There is now a large body of evidence indicating that genetic factors can influence treatment response in a variety of human diseases. Pharmacogenetics, defined as the study of the genetic basis for individuality in response to drugs (Vogel, 1959) or use of genetic analysis to predict drug response, efficacy and toxicity (Roses, 2004) has seen an almost exponential rise in peer-reviewed publications in the last 10 years (Figure 34.1). The closely related field of pharmacogenomics can be defined as the use of genetic approaches in drug discovery and use and encompasses the study of all genes which may influence drug response although, as illustrated in Figure 34.1, the terms pharmacogenetics and pharmacogenomics are often used interchangeably.

Inter-individual differences in response to commonly prescribed drugs are increasingly recognized.

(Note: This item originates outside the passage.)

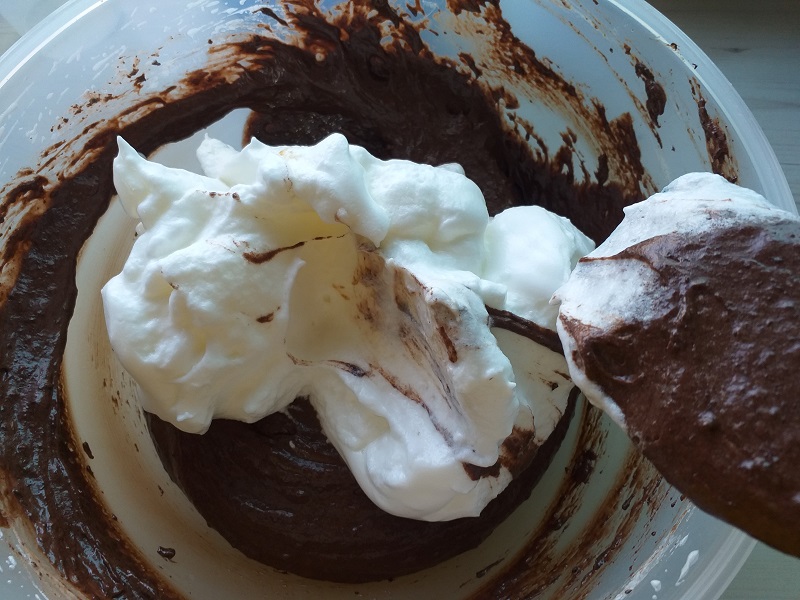 체친 코코아 파우더와 옥수수 전분을 초코 반죽에 섞어 준 후, 머랭 절반에 넣고 머랭이 꺼지지 않게 주의하면 잘 섞어 줍니다. 믹싱볼에 돌려가며, 주걱으로 바깥쪽에서 안쪽으로 걷어 올리듯 섞어 줍니다. 어느 정도 섞어지면 나머지 머랭을 넣고 섞어 줍니다.

Serious adverse drug reactions (ADRs) have been estimated to occur in more than 2 million patients/year in the USA and result in more than 100 000 fatalities; meta-analysis of a number of US-based prospective studies suggest that ADRs are the fourth leading cause of death, after heart disease, cancer and stroke (Lazarou et al., 1998). A recent UK-based prospective study reported that up to 6.5% of all hospital admissions in the UK are related to adverse drug reactions, with a projected annual cost to the National Health Service of £466 million (Pirmohamed et al., 2004).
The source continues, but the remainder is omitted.